La Vie des Communautés Bouleversée
Pour les populations indigènes et traditionnelles, ces changements climatiques sont une menace directe à leur mode de vie. Eduardo Elisio de Souza, un résident du parc national de Jaú, constate les effets au quotidien.
« Nous ne pouvons plus prédire le temps », explique-t-il. La sécheresse extrême de 2023 a fait apparaître une cascade locale un mois plus tôt que d'habitude. Il se plaint également que les noyers du Brésil produisent moins et que les poissons meurent, affectant à la fois la nourriture et les revenus.

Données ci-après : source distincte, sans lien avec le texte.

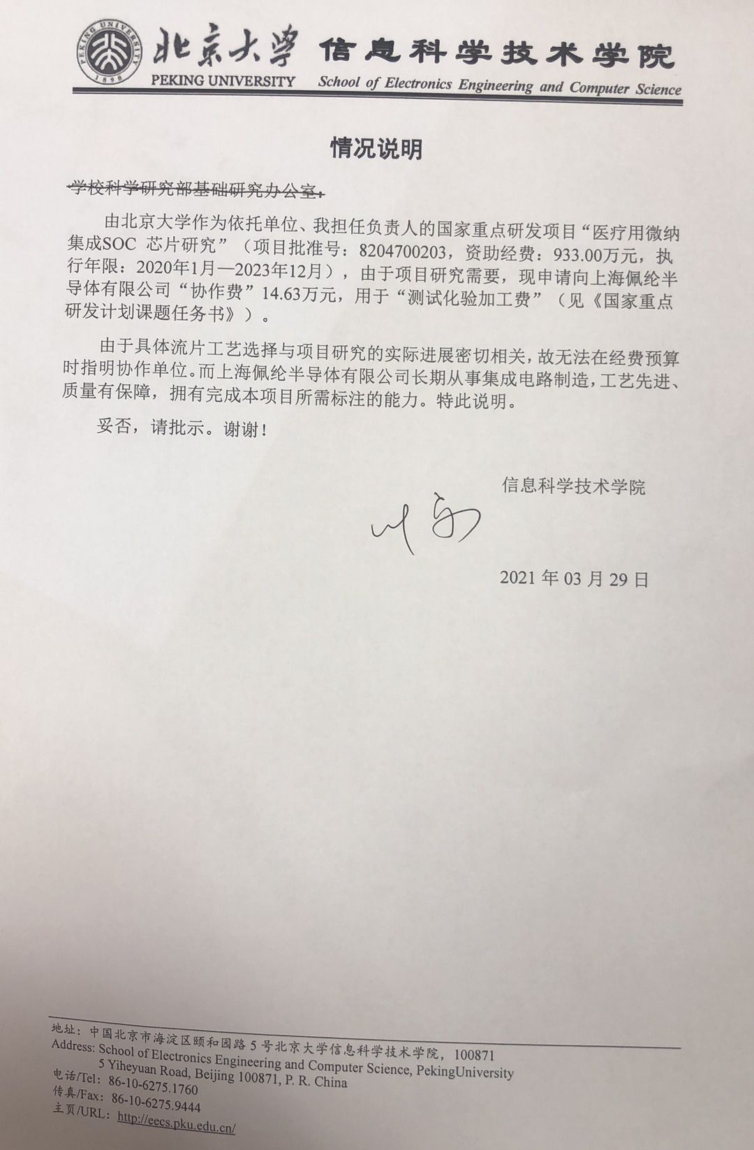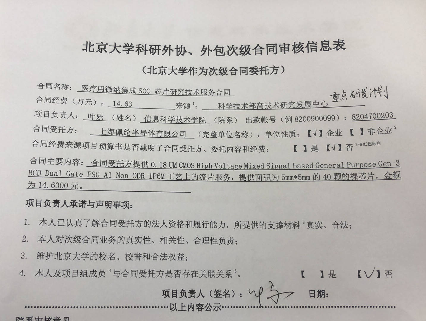 根据《关于北京大学理工科科研次级合同管理的通知》,现将北京大学理工科科研次级合同“医疗用微纳集成SOC芯片研究技术服务合同”相关内容予以公示。
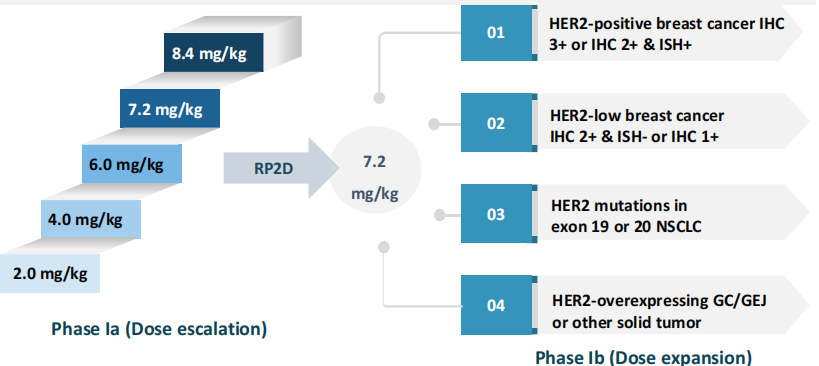 HER2阳性乳腺癌患者中≥3级的治疗相关不良事件(TRAEs)发生率为8.3%。最常见的TRAEs包括胃肠道毒性、骨髓抑制和肝功能异常,大多数为1级或2级。乳腺癌患者中观察到两例1级间质性肺病(ILD),无受试者因不良事件而减少剂量、退出或死亡。
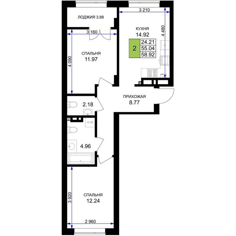 Жилая площадь 24.21 м2, кухня 14.92 м2, предчистовая отделка.

Ces bouleversements compromettent également les stratégies de développement durable basées sur la bioéconomie, comme la récolte de l'açaí ou de la noix du Brésil, qui dépendent d'un écosystème sain.

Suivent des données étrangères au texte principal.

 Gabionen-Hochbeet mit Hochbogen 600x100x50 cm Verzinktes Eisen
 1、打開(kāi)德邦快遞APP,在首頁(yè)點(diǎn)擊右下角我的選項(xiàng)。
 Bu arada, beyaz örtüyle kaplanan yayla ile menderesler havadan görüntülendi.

Le Fléau des Incendies de Forêt
La hausse des températures et la sécheresse rendent la forêt tropicale, normalement humide, dangereusement inflammable. Les deux dernières années ont été marquées par des incendies d'une ampleur sans précédent.

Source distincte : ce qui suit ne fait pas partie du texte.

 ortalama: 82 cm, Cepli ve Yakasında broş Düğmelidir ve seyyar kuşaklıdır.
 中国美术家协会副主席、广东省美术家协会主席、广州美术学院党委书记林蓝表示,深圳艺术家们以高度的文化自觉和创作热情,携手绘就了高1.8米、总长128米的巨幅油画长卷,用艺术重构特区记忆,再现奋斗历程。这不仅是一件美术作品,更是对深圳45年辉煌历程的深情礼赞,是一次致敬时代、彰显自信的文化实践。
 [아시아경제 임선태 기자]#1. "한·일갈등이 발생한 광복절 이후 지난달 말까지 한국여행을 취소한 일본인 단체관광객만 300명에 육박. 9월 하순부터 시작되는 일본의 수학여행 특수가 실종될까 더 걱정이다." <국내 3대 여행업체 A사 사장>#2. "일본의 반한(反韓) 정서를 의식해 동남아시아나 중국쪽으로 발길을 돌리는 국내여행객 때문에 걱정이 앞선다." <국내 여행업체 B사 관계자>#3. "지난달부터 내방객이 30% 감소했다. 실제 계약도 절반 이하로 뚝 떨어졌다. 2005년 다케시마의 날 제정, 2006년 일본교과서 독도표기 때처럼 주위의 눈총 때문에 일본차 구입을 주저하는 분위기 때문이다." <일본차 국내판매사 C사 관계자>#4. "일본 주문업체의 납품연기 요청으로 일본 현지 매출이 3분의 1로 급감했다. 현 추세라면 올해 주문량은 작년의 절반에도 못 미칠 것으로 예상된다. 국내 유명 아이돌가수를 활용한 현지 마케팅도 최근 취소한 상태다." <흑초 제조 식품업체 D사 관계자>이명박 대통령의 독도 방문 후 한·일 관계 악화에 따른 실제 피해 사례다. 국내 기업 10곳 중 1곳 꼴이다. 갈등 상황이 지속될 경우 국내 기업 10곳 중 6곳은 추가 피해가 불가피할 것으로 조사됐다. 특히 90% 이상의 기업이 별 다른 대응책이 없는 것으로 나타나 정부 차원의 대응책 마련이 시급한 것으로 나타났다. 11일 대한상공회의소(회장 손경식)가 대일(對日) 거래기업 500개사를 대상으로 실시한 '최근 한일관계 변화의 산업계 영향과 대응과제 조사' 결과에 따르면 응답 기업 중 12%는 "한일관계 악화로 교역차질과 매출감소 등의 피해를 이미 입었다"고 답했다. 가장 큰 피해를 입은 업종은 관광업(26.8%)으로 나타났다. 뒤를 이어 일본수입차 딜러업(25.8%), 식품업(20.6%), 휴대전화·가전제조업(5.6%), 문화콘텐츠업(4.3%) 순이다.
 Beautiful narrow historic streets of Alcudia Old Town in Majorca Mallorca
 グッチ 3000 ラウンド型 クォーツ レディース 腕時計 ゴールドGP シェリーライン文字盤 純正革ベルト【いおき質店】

- En 2024, l'Amazonie a battu un record de surface brûlée depuis 1985, avec 15,6 millions d'hectares partis en fumée.
- Pour la première fois, la majorité de la zone brûlée (43 %) était constituée de végétation sur pied, et non de pâturages ou de zones récemment déboisées.
- Ce phénomène est d'autant plus alarmant que la déforestation a diminué depuis 2023, ce qui aurait dû réduire le nombre d'incendies.
Érika Berenguer, chercheuse à l'Université d'Oxford et spécialiste du comportement des feux, a été témoin de feux de cime en 2023, un événement rare et terrifiant en Amazonie. « Le feu est le problème actuel de l'Amazonie », affirme-t-elle.
Un Appel à une Action Globale et Locale
L'étude établit un lien direct entre le réchauffement de l'Amazonie et les émissions mondiales de gaz à effet de serre. « Les pays les plus émetteurs portent une lourde responsabilité dans l'évolution rapide de la condition socio-écologique de l'Amazonie », écrivent les auteurs.
Ils appellent à une réduction rapide des émissions mondiales et à une contribution financière des pays riches pour aider l'Amazonie à s'adapter, via des mécanismes comme le fonds pour les pertes et dommages.
Au niveau local, les experts soulignent l'urgence de repenser les politiques publiques. La lutte contre la déforestation ne suffit plus. Il est crucial de mettre en place des stratégies de prévention et de gestion intégrée des incendies, et de soutenir les communautés locales pour renforcer leur résilience face à un climat de plus en plus imprévisible.
« Il ne suffit plus de combattre uniquement la déforestation. Les politiques publiques doivent changer parce que le monde a changé », conclut Érika Berenguer, soulignant que l'avenir de l'Amazonie dépend d'actions décisives, tant à l'intérieur de ses frontières qu'à l'échelle planétaire.